Stenosing tenosynovitis of a flexor tendon, also known as trigger finger, is a common debilitating hand pathology frequently seen and treated by hand surgeons [1, 2]. First described by Alphonse Notta in 1850, the name results from the painful popping or clicking while flexing/extending the involved digit [3]. This triggering is most often due to an inflammation-derived size discrepancy of the involved flexor tendons causing impingement at the level of the hypertrophic first annular (A1-) pulley [4]. If conservative treatment such as splinting and/or corticosteroid injection does not or no longer applies as a promising treatment option, surgical release of the A1-pulley is indicated [4, 5].
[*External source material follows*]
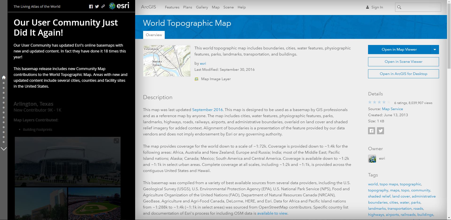 If you have other feedback or comments, please post them to the ArcGIS Online Discussion Group and the Living Atlas Discussion Group on GeoNet.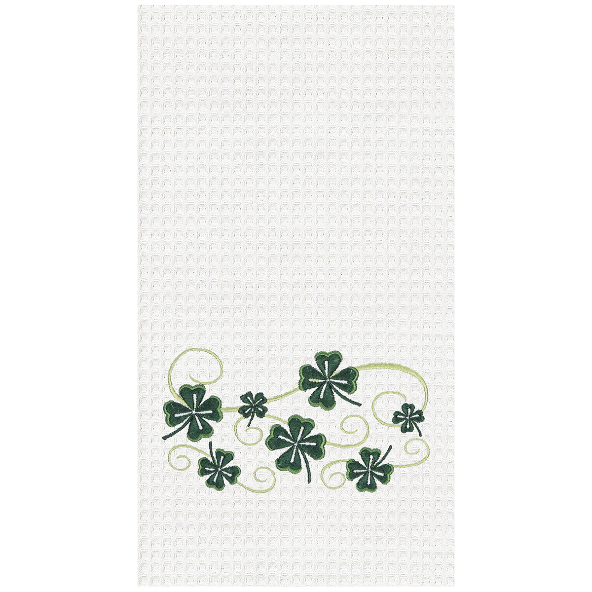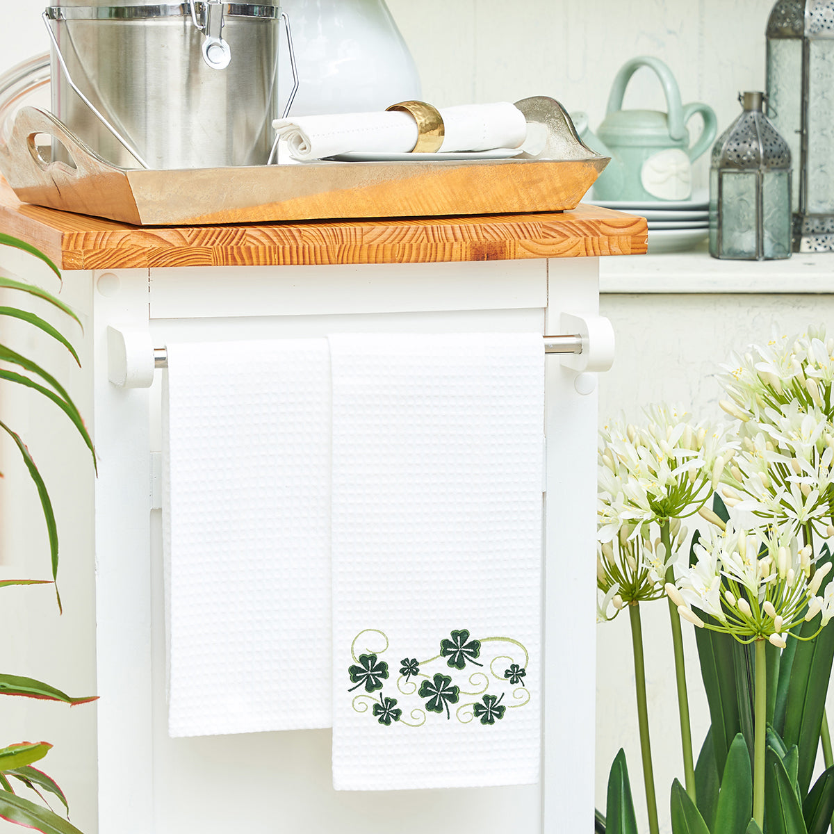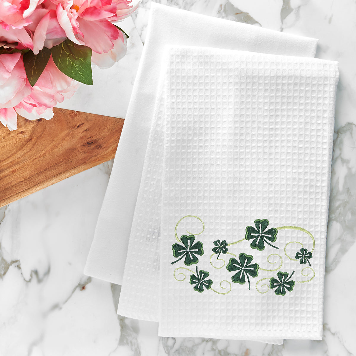 Enhance St. Patrick's Day celebrations with this sophisticated shamrock scroll embroidered on a waffle weave towel. The deep green shamrocks, intertwined with lighter green scroll flourishes, exude an elegant charm that elevates any setting.

Especially in the field of handsurgery, the location and pattern of the incision with regard to hand function, anatomic considerations and aesthetics are paramount for the success of the surgery [68]. There is quite a plethora of different skin incisions described to approach the A1 pulley. The type of incision one surgeon will choose most likely depends on the surgical training and on his surgical mentors rather than having experienced and tested multiple incisions himself [9, 10]. Supposedly, this circumstance has led to strong convictions amongst some surgeons about which incision technique is superior over another.
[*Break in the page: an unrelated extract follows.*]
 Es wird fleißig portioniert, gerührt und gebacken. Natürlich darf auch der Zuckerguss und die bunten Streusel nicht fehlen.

Even though the A1-pulley release is considered as one of, and possibly the smallest, elective hand surgery procedure, most hand surgeons would agree that there is a considerable amount of patients that will present with a prolonged recovery period mostly due to scar formation along with subsequent irritation in daily activities or sports (e.g. golf, tennis). Adverse events between 5 and 36 % in the setting of trigger finger release have been reported [1115], including persistent triggering, recurrence and wound healing problems such as infections, wound dehiscence, and painful scar tissue irritation. Anecdotic events involve tendon rupture, bowstringing, and nerve damage [16, 17]. However, by far the most reported complaints are wound healing irritations as well as pain and tenderness of overabundant scar tissue [1113], limiting the patient’s use of his hand until weeks after the initial successful surgery.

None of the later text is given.